● **DATA EXTRACT**
= = =

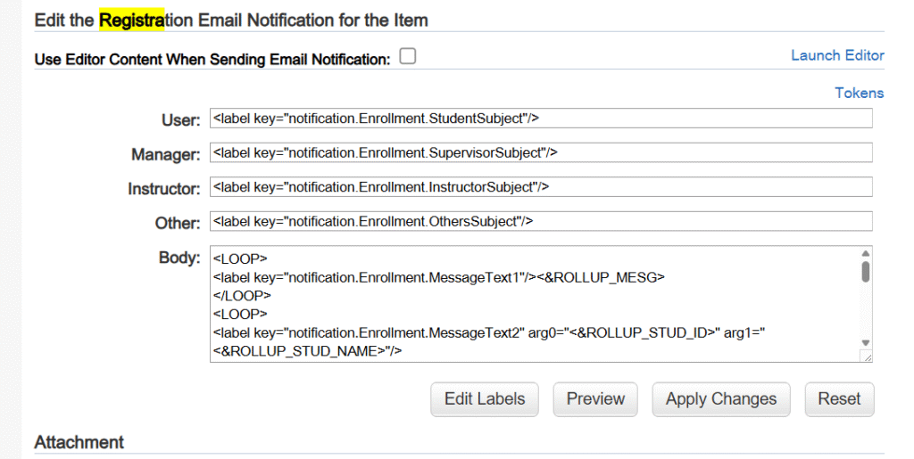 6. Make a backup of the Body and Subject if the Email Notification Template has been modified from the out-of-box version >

= = =

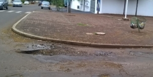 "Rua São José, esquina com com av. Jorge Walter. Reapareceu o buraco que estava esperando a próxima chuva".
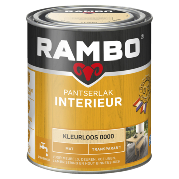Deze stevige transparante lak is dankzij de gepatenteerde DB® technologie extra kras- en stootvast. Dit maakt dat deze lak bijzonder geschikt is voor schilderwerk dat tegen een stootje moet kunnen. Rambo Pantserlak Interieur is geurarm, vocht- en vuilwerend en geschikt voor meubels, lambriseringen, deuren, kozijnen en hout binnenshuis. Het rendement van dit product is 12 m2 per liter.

= = =

Starting at the line containing "São José, esquina" and stopping at the line containing "Deze stevige transparante", output each line exactly as it appears above. Leave out the pictures.

 "Rua São José, esquina com com av. Jorge Walter. Reapareceu o buraco que estava esperando a próxima chuva".
Deze stevige transparante lak is dankzij de gepatenteerde DB® technologie extra kras- en stootvast. Dit maakt dat deze lak bijzonder geschikt is voor schilderwerk dat tegen een stootje moet kunnen. Rambo Pantserlak Interieur is geurarm, vocht- en vuilwerend en geschikt voor meubels, lambriseringen, deuren, kozijnen en hout binnenshuis. Het rendement van dit product is 12 m2 per liter.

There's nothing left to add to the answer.